[Data excerpts]
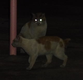 15.烈ちゃんも狂暴なハゲ・タヌキ(狂暴的禿狸)の九郎ちゃんに遭遇すると「ゥゥゥ」と威嚇の唸り声をあげます。この唸り声は同格の強さのネコちゃんが遭遇した時のみ発するのでしょうか?。
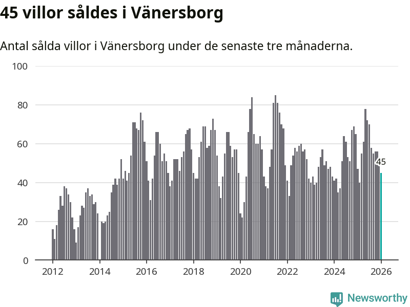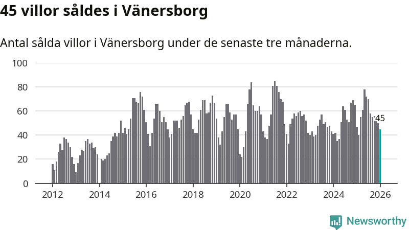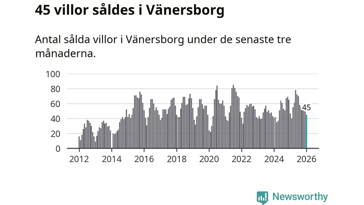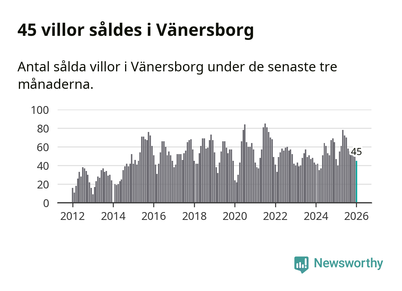 Sammanlagt såldes 45 villor i Vänersborgs kommun mellan november och januari till ett genomsnittligt pris på 2,3 miljoner kronor. I fjol gjordes 47 affärer vid den här tiden på året.
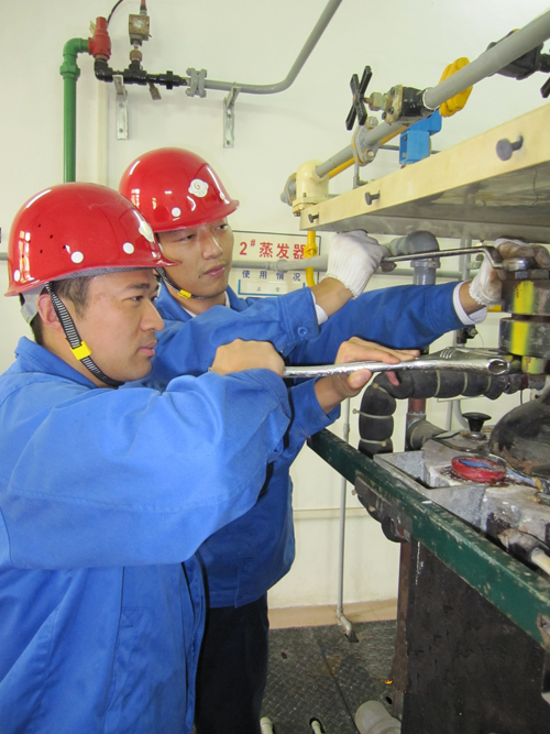 作為重大危險源危險設備整體檢修保養工作的一部分,該水廠在去年底就對蒸發器的保養制定了詳細的計劃,一方面通過設備部聯系設備供應商進行技術指導、組織備品備件,另一方面協調機電維修中心及早落實人員和檢修時間、謀劃好檢修時的生產調度工作。在檢修過程中,檢修人員按照相關步驟和要求,嚴謹有序展開維護保養,把蒸發器的各個部件及附屬管線一一拆卸,清洗、干燥蒸發筒內壁,清除加熱水箱積垢,疏通加氯管線和過濾器,更換陽極保護鎂棒,修理故障零部件……仔細排查,有效消除設備隱患。當天,各部門相互配合、緊密協作,從早上一直奮戰到晚上六點多鐘,圓滿完成了蒸發器的保養任務。
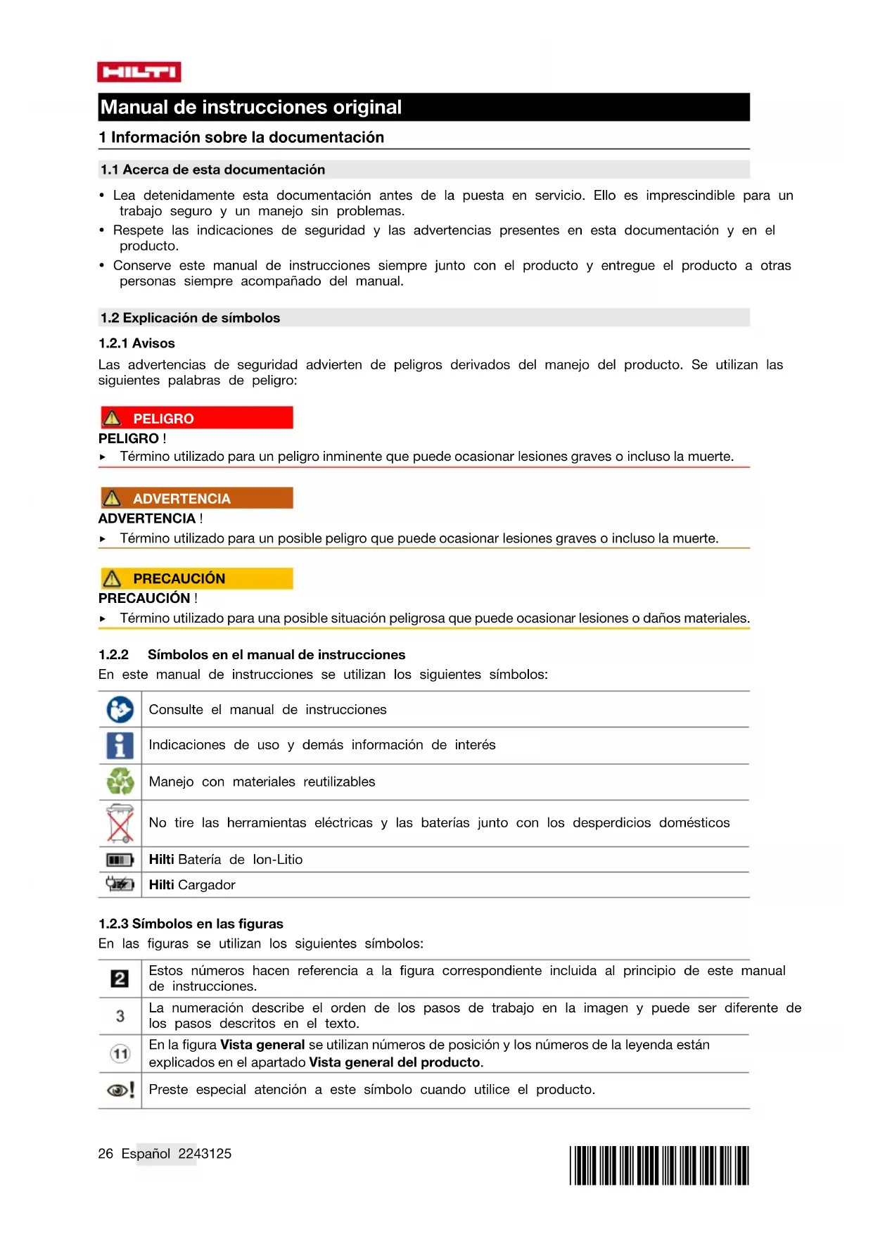 En este manual de instrucciones se utilizan los siguientes símbolos: Consulte el manual de instrucciones Indicaciones de uso y demás información de interés Manejo con materiales reutilizables No tire las herramientas eléctricas y las baterías junto con los desperdicios domésticos Hilti Batería de Ion-Litio Hilti Cargador
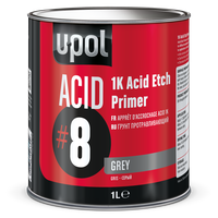 U-POL ACID/1 ACID 8 Грунт протравливающий (кислотный) серый, 1л – это однокомпонентный готовый к применению протравливающий грунт в таре 1л (также поставляется в аэрозольном баллончике). Применяется протравливающий грунт ASID #8 для грунтования поверхности голого метала, алюминия, гальваники для обеспечения адгезии лакокрасочного покрытия и защиты металла от коррозии. Не содержит хроматов. Типичные варианты применения: протертые до голого металла места, новые детали кузова, голые швы перед покрытием их герметиками и лакокрасочным покрытиями. Возможно использование в качестве изолятора на мультиповерхностях. ACID #8 может наноситься на следующие поверхности: голая сталь, алюминий, гальванизированная или оцинкованная сталь, отвердевшая краска, полиэфирная шпатлевка и стеклопластик. Применение протравливающего грунта не сложное: нужно очистить поверхность и обезжирить антисиликоном, обработать абразивом P280–P320 и повторно очистить. Напылять с помощью грунтовочного пистолета легкими однородными слоями. В краскопульт протравливающий грунт следует заправлять через фильтр-воронку. Нанести 1-2 тонких средних слоя. Рекомендуемый перерыв между слоями: 3–5 минут. Протравливающий грунт ACID #8 может покрываться базовым покрытием без дополнительной обработки. При необходимости, может быть покрыт грунтом-наполнителем перед нанесением базового покрытия, именно так мы бы и советовали поступать. Полиэфирные шпаклёвки на кислотный грунт не наносить! Все последующие лакокрасочные материалы наносить через 10-20 мин. после последнего слоя протравливающего грунта без всякой обработки поверхности. Господа! ACID #8 Etch primer - это дорогой, суперкачественный профессиональный кислотный грунт. Рекомендуем для ответственных, дорогостоящих работ, где требуется высокая гарантия защиты металла и лакокрасочного покрытия в целом.

## WHAT NEEDS TO BE DONE
Find the line with "作為重大危險源危險設備整體檢" in the data above, and from there retype each line exactly through the line with "En este manual", skipping the pictures along the way.

## SOLUTION FOR THIS TASK
 作為重大危險源危險設備整體檢修保養工作的一部分,該水廠在去年底就對蒸發器的保養制定了詳細的計劃,一方面通過設備部聯系設備供應商進行技術指導、組織備品備件,另一方面協調機電維修中心及早落實人員和檢修時間、謀劃好檢修時的生產調度工作。在檢修過程中,檢修人員按照相關步驟和要求,嚴謹有序展開維護保養,把蒸發器的各個部件及附屬管線一一拆卸,清洗、干燥蒸發筒內壁,清除加熱水箱積垢,疏通加氯管線和過濾器,更換陽極保護鎂棒,修理故障零部件……仔細排查,有效消除設備隱患。當天,各部門相互配合、緊密協作,從早上一直奮戰到晚上六點多鐘,圓滿完成了蒸發器的保養任務。
 En este manual de instrucciones se utilizan los siguientes símbolos: Consulte el manual de instrucciones Indicaciones de uso y demás información de interés Manejo con materiales reutilizables No tire las herramientas eléctricas y las baterías junto con los desperdicios domésticos Hilti Batería de Ion-Litio Hilti Cargador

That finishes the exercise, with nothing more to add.